→ **TASK INSTRUCTIONS**:
Every line in the listing below from the one with "班長を先頭に「フラフープくぐり」に挑戦です!" through the one with "29 EYLÜL PAZARTESİ HAVA DURUMU" is to be reproduced exactly, both ends included; leave out the rest.

→ **THE DATA**:

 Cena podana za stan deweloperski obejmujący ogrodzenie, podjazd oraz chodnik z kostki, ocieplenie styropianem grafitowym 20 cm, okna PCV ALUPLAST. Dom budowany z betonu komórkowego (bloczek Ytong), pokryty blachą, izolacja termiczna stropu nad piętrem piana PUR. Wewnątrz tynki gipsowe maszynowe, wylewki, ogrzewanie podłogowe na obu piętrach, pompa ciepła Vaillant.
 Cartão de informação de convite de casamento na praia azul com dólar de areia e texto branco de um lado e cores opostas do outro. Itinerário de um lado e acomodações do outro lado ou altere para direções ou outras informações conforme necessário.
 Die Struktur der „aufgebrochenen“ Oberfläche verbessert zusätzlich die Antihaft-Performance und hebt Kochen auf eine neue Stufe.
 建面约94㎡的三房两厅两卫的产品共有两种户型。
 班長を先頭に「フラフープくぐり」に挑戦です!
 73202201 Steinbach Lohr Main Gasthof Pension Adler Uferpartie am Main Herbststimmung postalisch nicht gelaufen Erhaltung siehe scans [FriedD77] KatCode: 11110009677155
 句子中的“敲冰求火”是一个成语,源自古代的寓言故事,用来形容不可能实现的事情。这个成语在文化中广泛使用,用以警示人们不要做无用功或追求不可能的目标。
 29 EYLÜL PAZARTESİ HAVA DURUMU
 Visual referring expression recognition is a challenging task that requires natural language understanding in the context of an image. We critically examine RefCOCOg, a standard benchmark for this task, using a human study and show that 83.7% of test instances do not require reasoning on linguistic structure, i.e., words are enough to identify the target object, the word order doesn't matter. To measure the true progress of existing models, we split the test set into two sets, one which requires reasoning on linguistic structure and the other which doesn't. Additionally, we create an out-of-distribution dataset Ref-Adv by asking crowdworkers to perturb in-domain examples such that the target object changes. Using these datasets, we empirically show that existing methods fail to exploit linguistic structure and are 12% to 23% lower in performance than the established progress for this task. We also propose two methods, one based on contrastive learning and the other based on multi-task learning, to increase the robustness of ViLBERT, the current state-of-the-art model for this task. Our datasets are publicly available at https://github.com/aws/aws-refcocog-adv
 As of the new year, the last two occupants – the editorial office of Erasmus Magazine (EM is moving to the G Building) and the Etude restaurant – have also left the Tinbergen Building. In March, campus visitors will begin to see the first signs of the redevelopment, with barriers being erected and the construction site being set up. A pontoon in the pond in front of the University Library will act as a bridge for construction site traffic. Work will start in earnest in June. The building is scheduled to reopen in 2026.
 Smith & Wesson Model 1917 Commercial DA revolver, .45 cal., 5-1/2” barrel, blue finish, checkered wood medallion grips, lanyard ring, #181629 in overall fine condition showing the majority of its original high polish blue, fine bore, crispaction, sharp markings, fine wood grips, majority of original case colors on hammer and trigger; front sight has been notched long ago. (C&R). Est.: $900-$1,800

→ **RESPONSE FOR THIS EXERCISE**:
 班長を先頭に「フラフープくぐり」に挑戦です!
 73202201 Steinbach Lohr Main Gasthof Pension Adler Uferpartie am Main Herbststimmung postalisch nicht gelaufen Erhaltung siehe scans [FriedD77] KatCode: 11110009677155
 句子中的“敲冰求火”是一个成语,源自古代的寓言故事,用来形容不可能实现的事情。这个成语在文化中广泛使用,用以警示人们不要做无用功或追求不可能的目标。
 29 EYLÜL PAZARTESİ HAVA DURUMU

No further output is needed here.